Task item: Copy exactly the lines of the data below, beginning with the line with "귀여운 블라우스 형태의 상의 때문에" and ending with the line with "查看和管理班级信息。请假表格管理功能:对请假表格进行查看和管理。". Pictures are to be omitted.

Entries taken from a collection
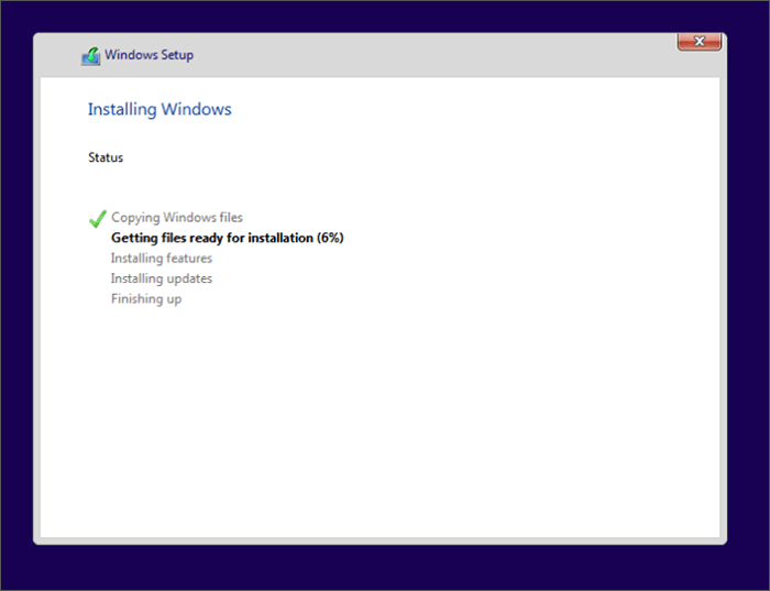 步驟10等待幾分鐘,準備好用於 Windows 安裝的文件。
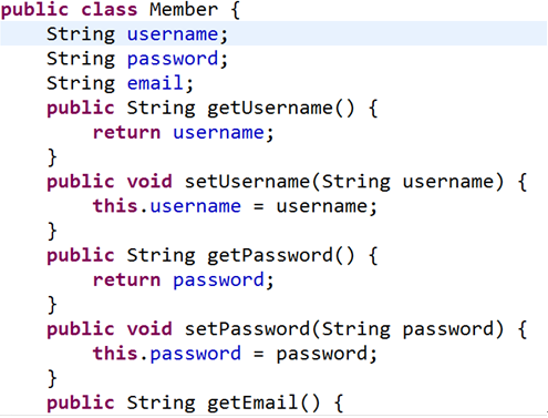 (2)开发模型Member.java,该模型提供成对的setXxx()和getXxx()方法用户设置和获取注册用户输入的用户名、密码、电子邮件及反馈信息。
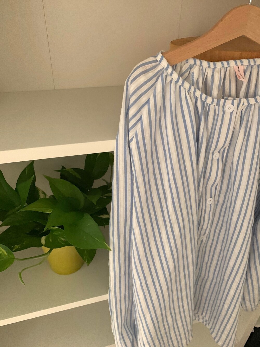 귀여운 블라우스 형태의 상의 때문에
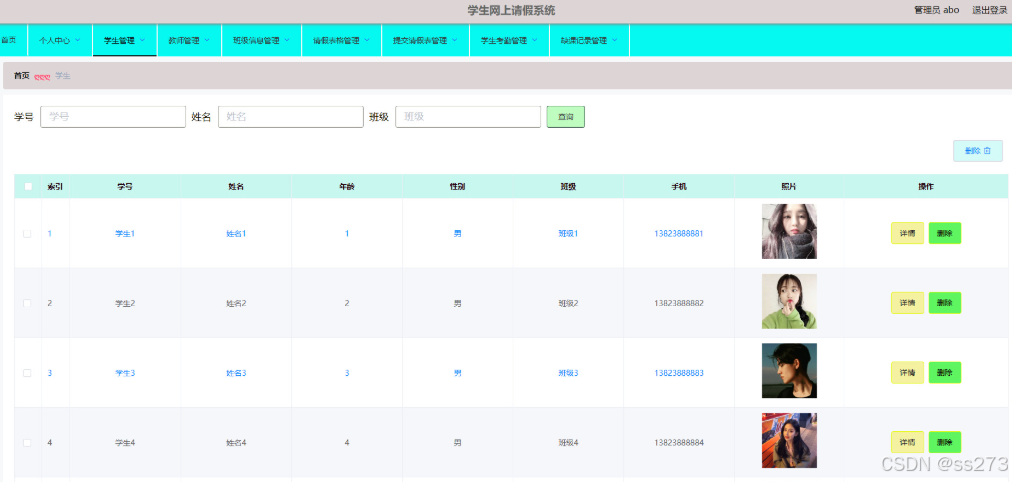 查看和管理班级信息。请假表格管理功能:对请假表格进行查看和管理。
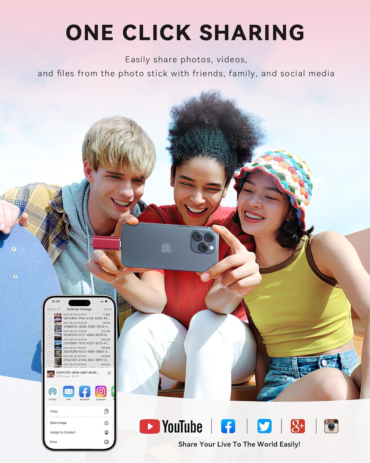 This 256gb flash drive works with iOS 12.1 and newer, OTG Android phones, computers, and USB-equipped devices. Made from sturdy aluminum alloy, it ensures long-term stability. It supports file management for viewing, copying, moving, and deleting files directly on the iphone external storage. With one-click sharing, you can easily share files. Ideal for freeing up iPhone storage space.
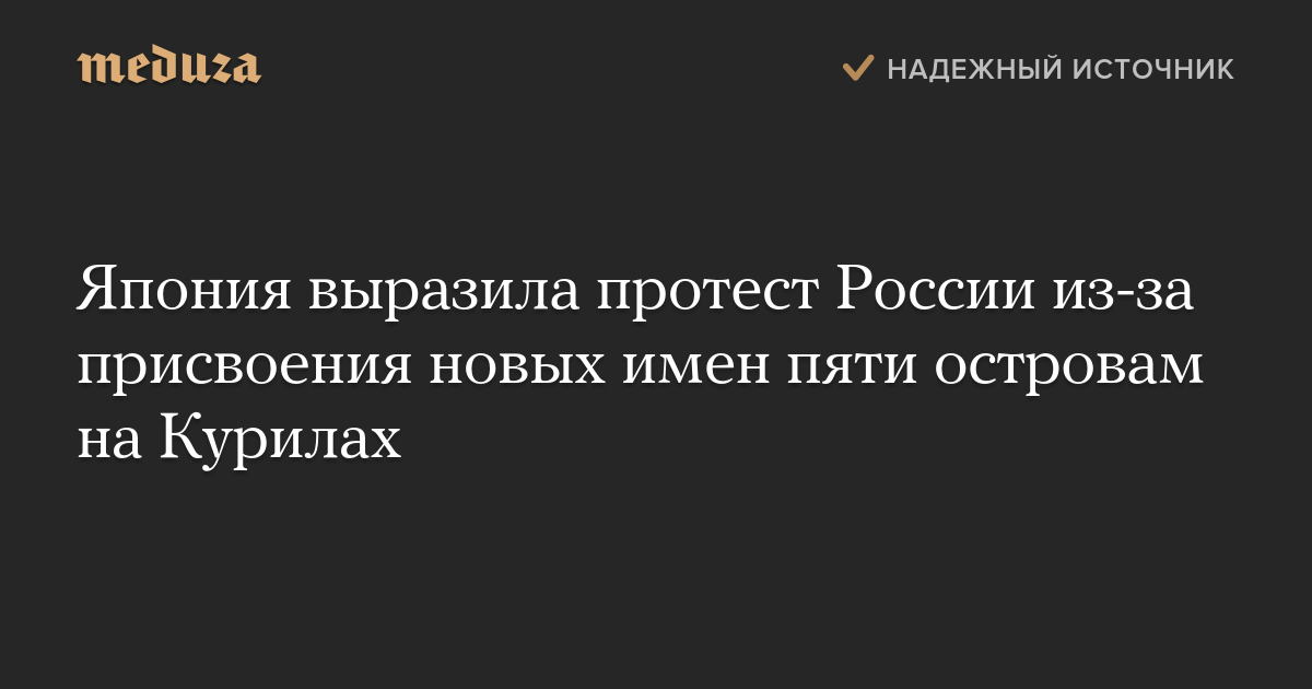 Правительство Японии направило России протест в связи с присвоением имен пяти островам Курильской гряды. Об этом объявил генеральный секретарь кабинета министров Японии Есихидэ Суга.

Reply:
 귀여운 블라우스 형태의 상의 때문에
 查看和管理班级信息。请假表格管理功能:对请假表格进行查看和管理。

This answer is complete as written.